Viewpoints: Frightening Seniors; Regulating E-Cigarettes; Waiting For Black Lung Drugs
The New York Times: Fear Mongering With Medicare
The Obama administration's proposed cuts to Medicare Advantage plans — the private insurance plans that cover almost 30 percent of all Medicare beneficiaries — are fair and reasonable. As it happens, they are also mandated by law. Yet Republicans, sensing a campaign issue, are telling older and disabled Americans that the administration is "raiding Medicare Advantage to pay for Obamacare." The health insurance industry, for its part, is warning that enrollees will suffer higher premiums, lower benefits and fewer choices among doctors if the cuts go into force (3/1).
The New York Times: Arizona Did Us All A Favor
The Arizona bill [vetoed by Gov. Jan Brewer], in the eyes of some, was a religious version of the Stand Your Ground law, most recently associated with Florida but used in more than 20 states. ... A more apt comparison to Arizona is to the legal movement to expand the definition of corporations as people. Lawmakers in the Grand Canyon state would have allowed businesses to use religion as a shield against secular laws they don't like. The same principle is behind the Supreme Court challenge to the birth control requirements of the new health care law. In one case, religion is an excuse for refusing service. In another, it’s a reason to oppose a package of medically recognized health care benefits. In both cases, the "sincerely held" belief, once the province of an individual citizen, now belongs to a moneymaking entity (Timothy Egan, 3/1).
The New York Times: Regulating Electronic Cigarettes
European lawmakers last week adopted strong tobacco regulations that will increase government oversight of electronic cigarettes. The rules should serve as a model for the Food and Drug Administration, which has said that it also intends to regulate the nicotine-delivery devices (3/1).
Los Angeles Times: Legal 'Standing': Obama's Executive Branch Escape Hatch
President Obama's proclaimed strategy to "bypass Congress" — most conspicuously his broad rewriting of the Affordable Care Act — has given unusual prominence to a fairly arcane legal doctrine: standing.

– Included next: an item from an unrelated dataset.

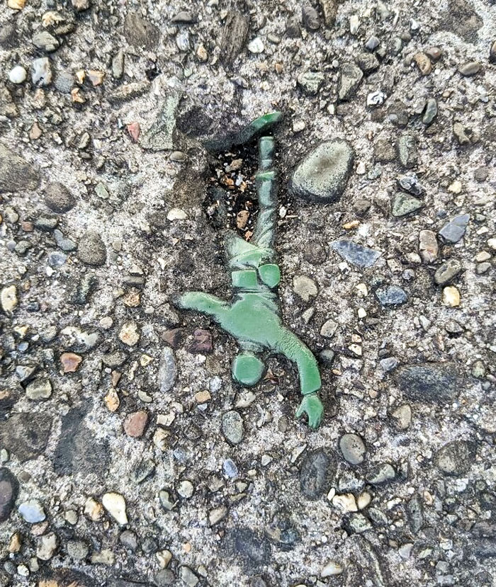 #13 Today On My Walk I Found An “Army Man” Embedded In The Sidewalk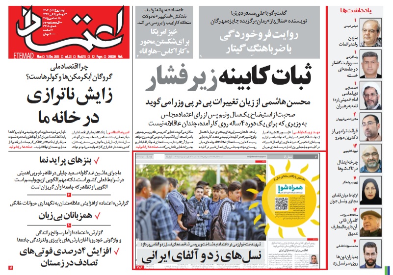گروه سیاسی جهان نیوز: روزنامه اعتماد متعلق به الیاس حضرتی، رئیس شورای اطلاع رسانی دولت به برداشت اصلاح طلبانه خود از ارتباط حاکمیت با نسل زد و آلفا پرداخته و نوشته است: «حكومت خوب مي‌داند كه نسل زد را از دست داده است و نيز مي‌داند كه جلب اعتماد اين نسل چقدر دشوار است، چون براي آن بايد از بسياري از خط قرمزهاي خود بگذرد. سعي دارد بر نسل آلفا تمركز كند، آن‌هم از طريق ارايه برنامه‌هاي آموزشي ديجيتال كه تحت نظارت او است. برنامه‌هايي كه اثربخشي آن جاي ترديد دارد. هدف اين برنامه‌ها پرورش نسلي وفادار و فرمانبردار است. حكومت شايد نداند كه اين نسل جوياي استقلال فردي و خودمختاري است و  زود مي‌آموزد همه ‌چيز را مورد پرسش قرار دهد و شك را جايگزين يقين سازد».

Standing is what is preventing a potential blizzard of litigation against the president's unilateral decrees, and ironically, it's a doctrine liberal jurists have long decried (Eugene Kontorovich, 3/2).
The Wall Street Journal: The FDA's Black Lung
Government power can ruin fortunes, reputations and businesses, but at least the targets usually escape with their lives. Not so with the Food and Drug Administration, whose culture of political control is often lethal. This reality is all too familiar for the 200,000 or so Americans suffering from a terminal lung disorder as they wait, and wait, and wait for the FDA to approve a good drug that can slow the progression of their disease (3/2).
USA Today: Obamacare Squeezes Small Businesses
The way President Obama told it in 2010, Obamacare would save small businesses money. He even predicted that businesses that provide health care would save so much — he estimated up to $3,000 per employer — that they could give their employees a raise. Another day, another broken promise (Tim Phillips, 3/1).
The Fiscal Times: Health Care Savings To Come From Unlikely Places
Let's say that the U.S. health care industry really is embarking upon a major wave of innovation and cost cutting. Where would you expect that most of those savings occur? In hospitals? Clinics? Outpatient centers? The best bet might be in so-called "non-traditional" settings — perhaps even your local drug store. Much of the nascent movement to push health care outside of hospitals and clinics isn't being driven by the industry. It's an outgrowth of the formation of Medicare Accountable Care Organizations (ACOs), an obscure part of Obamacare that seeks to reward organizations for efficiency and high-quality care (John F. Wasik, 3/2).
Bloomberg: Busted State Obamacare Sites Have A Silver Lining
If the red states had built their own exchanges, many of them would likely also suffer the same problems -- or worse ones, given that red-state governors lacked the enthusiasm of their blue-state counterparts. Naturally, this raises some questions. What if the administration’s supporters who complained about red-state intransigence had it backward? What if the mistake was allowing states to do a job that we should have left to the federal government? There are some powerful arguments in favor of this proposition. ... So should Congress have simply had the federal government build the exchanges and be done with it? Actually, no. The architecture of the law allowed for some failures. But it also enshrined two important principles for failing well: experimentation and diversification (Megan McArdle, 3/2).
Richmond Times-Dispatch: State Budget Should Not Be Held Hostage
Another indicator that events in Richmond are emulating those in Washington with greater frequency, Virginia appears poised for another budget battle that — if not resolved — threatens to shut down state government. ... The practical effect of [Gov. Terry] McAuliffe's statements is clear: Any budget that does not include a plan to fully implement Obamacare by accepting its provision to grow the rolls of those who receive health coverage through government funding is a non-starter to him (State Sen. Ryan T. McDougle, 3/23).